クラシックCD聴き比べ ~ Classic CD Memos ~

クラシック音楽のCDを中心に演奏者への敬意を込めて、つたないメモを書いています。

モーツァルト 交響曲第40番 バーンスタイン(84)

2012.04.21 (Sat)
バーンスタイン4041
バーンスタイン/ウィーンフィル(84,DG)は、流石にNYPに比べると
落ち着いた表現だが終楽章は異常に燃焼。
前3楽章の響きはおおらかに膨らんでいる。クラリネット使用は変わらず。
こうした厚い響きを伴ったオールドファッションによる演奏はこの頃が最後かもしれない。

録音はムジークフェランの大ホールでのライブ。
カロリーたっぷりな音で広さも感じる。
客席ノイズはなく、聴衆による吸音効果も感じられない。

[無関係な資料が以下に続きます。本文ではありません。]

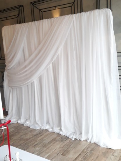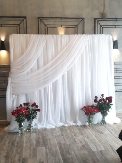 Конструкция для фотозоны с белой тканью даёт широкий простор для дальнейшего декорирования.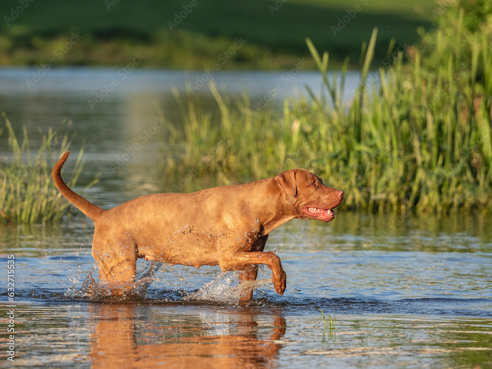 Cute dog swimming in the river on a clear, sunny day. Closeup, outdoors. Day light. Concept of care, education, obedience training and raising pets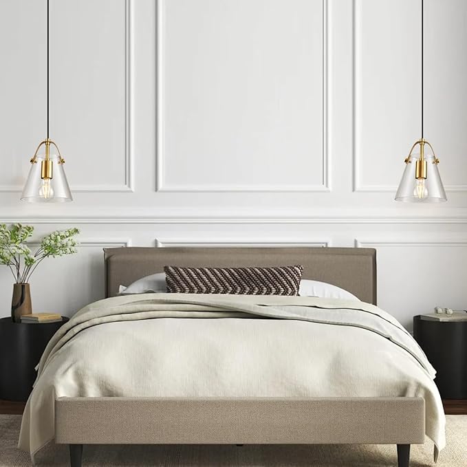 - Bulbs and Warranty - Brass pendant light fixture comes with glass shade that has a diameter of 7" and a height of 8" compatible with most standard medium base E26 bulbs.Picture shows A60 LED bulb effect which is highly recommened.Dimmable when used with compatible dimmer switch.Smart bulbs works well.Any questions,our customer support team is here to help in 24 hours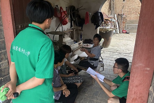 随后,队员们走访调查了多家当地村民,从他们那里得知:黑东村村民主要以种植小麦、玉米、黄花菜等为主,与南社村不同的是,这里有专门的黄花菜收购商上门收购,解决了村民黄花菜滞销的问题,然而,由于今年干旱情况较为严重,庄稼歉收,使得村民每亩地收入由800多元锐减至500元不到,旱涝灾害,成为了阻碍村民发展致富的一大因素。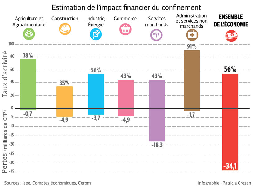 - Gros plan - CRISE DU CORONAVIRUSUne note publiée hier matin par l’Isee, l’IEOM et l’AFD estime que le « choc direct » du confinement pourrait causer une forte diminution de la richesse produite par l’économie calédonienne en 2020 (-3,6 points de produit intérieur brut, PIB). Les effets se feront sentir à court comme à long terme « sur le tissu économique et les finances publiques ».Le « choc direct » du confinement : - 3,6 points de PIB ? Le produit intérieur brut 2020, soit la somme des richesses créées par l’économie calédonienne au cours de l’année, pourrait perdre 3,6 points à cause du « choc direct » créé par le confinement, selon une estimation publiIl vous reste 97% de l'article à découvrir.Cet article est réservé aux abonnés.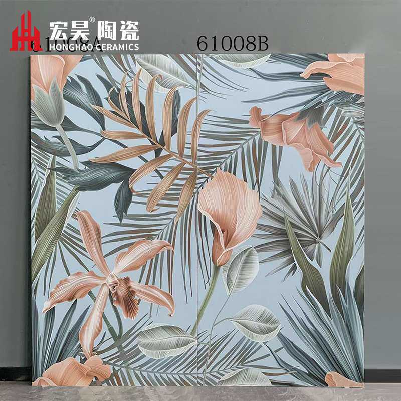 莫兰迪植物花片600x1200复古浴室卫生间背景墙砖仿古瓷砖仿古砖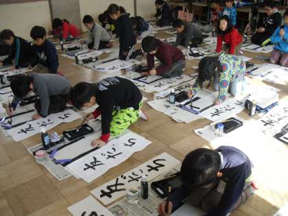 書写の時間に,書き初めで「友だち」を書きました。半紙の長さが長くなったので,教室をいっぱいいっぱいまで使って書いていました。丁寧に書けるように慎重になって,書いている子がたくさんいました。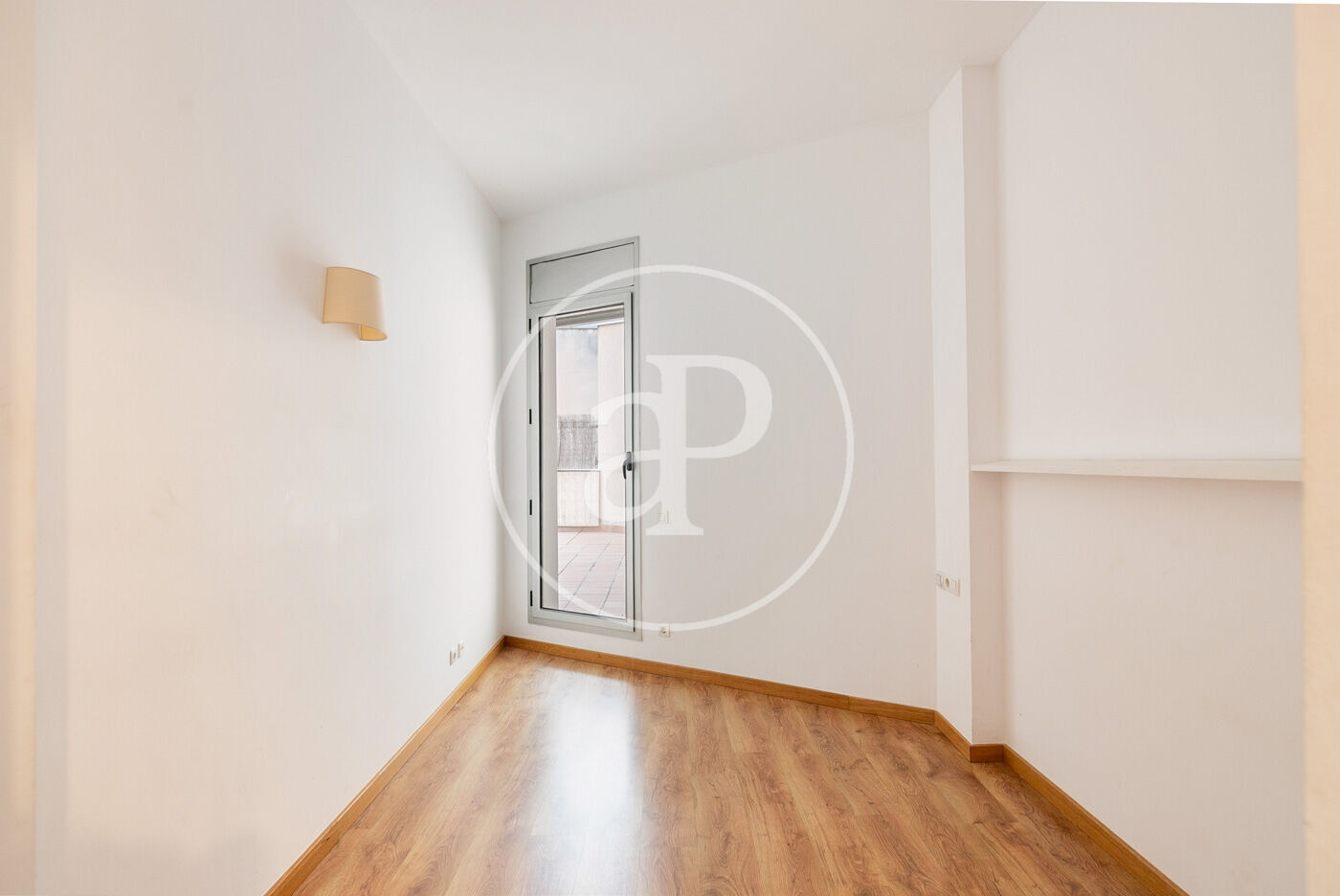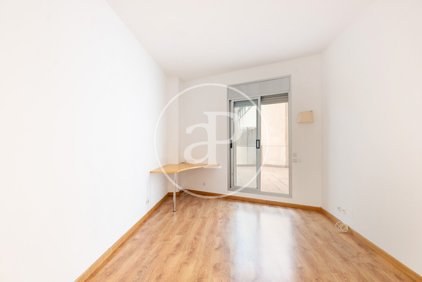 En la codiciada zona de la Misió, muy cerca de las Ramblas, encontramos este ático de 145 m² que combina amplitud, luz natural y un diseño moderno con toques cálidos. Dispone de una terraza de 10 m² con vistas despejadas, perfecta para disfrutar del clima mediterráneo.  El salón-comedor, amplio y luminoso con salida directa a la terraza destaca por su estilo contemporáneo y acogedor, con una cuidada selección de muebles y detalles decorativos que aportan personalidad, sofás en tonos azules, mesa de centro en madera natural y piezas únicas que crean un ambiente elegante y relajado. La iluminación también juega un papel clave, con lámparas de diseño que aportan calidez y carácter. La cocina abierta es minimalista y funcional, con muebles en blanco, electrodomésticos integrados y una isla central en madera que añade contraste y sofisticación. Es un espacio pensado para disfrutar tanto del día a día como de reuniones informales.  Las habitaciones mantienen la misma línea estética: la principal con baño en suitte con bañera y armarios empotrados, combina tonos neutros con una pared en gris oscuro que aporta profundidad, mientras que la segunda habitación ofrece un ambiente versátil, ideal como dormitorio o despacho, con detalles en fibras naturales y textiles coloridos. Tiene otro baño completo con plato de ducha.   Los suelos de parquet oscuro, las ventanas de gran formato y la cuidada iluminación refuerzan la sensación de confort y estilo en todo el piso. Tiene aire acondicionado por splits en todas las estancias.  Incluye plaza de parking y trastero y se alquila completamente amueblado y equipado. Además, los gastos de agua, comunidad e IBI están incluidos en el precio, lo que lo convierte en una opción cómoda y sin sorpresas.  Mascotas a consultar  ¿Te imaginas vivir aquí? Esperamos tu llamada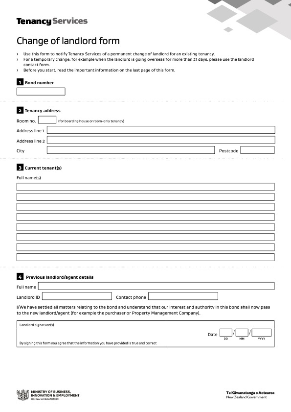 - This is a free PDF form supplied by the New Zealand Department of Building and Housing - Tenancy Services.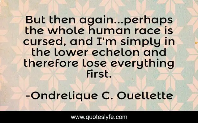 This page presents the quote "But then again...perhaps the whole human race is cursed, and I'm simply in the lower echelon and therefore lose everything first.". Author of this quote is Ondrelique C. Ouellette. This quote is about misfortune, poverty, humanity,.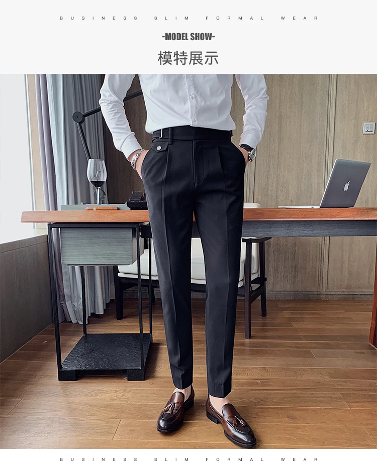 Костюмные брюки для мужчин, мужские британские деловые облегающие деловые брюки, Мужская одежда, классические брюки, мужские брюки на молнии с карманами

不思議なライブ。

第1楽章は古楽器を聴きなれてくるとモコモコした印象。
目立つような小細工はなく大きくうねる。
バーンスタインはウィーンフィルを信頼して柔らかな音楽に仕立てる。
第2楽章も音は厚めだが美しい。力みがない。
テンポは遅くうとうとしてしまいそう。
第3楽章もかなりのんびり長閑。緩フンではないか?
終楽章に来ると驚く。第一主題の目を覚ましたような前のめりの疾走。
一転第二主題の優美さ。この猛烈な対比感。
NYP盤と違うのは後半の繰り返しも実行されている点。
疾走しながらも弦に細かい表情やクレッシェンドをつけるなどして
焦燥感をあおっている。最後に来てバーンスタインの面目躍如。
ウィーンフィルの能力も全開。この曲を大交響曲に仕立て上げる。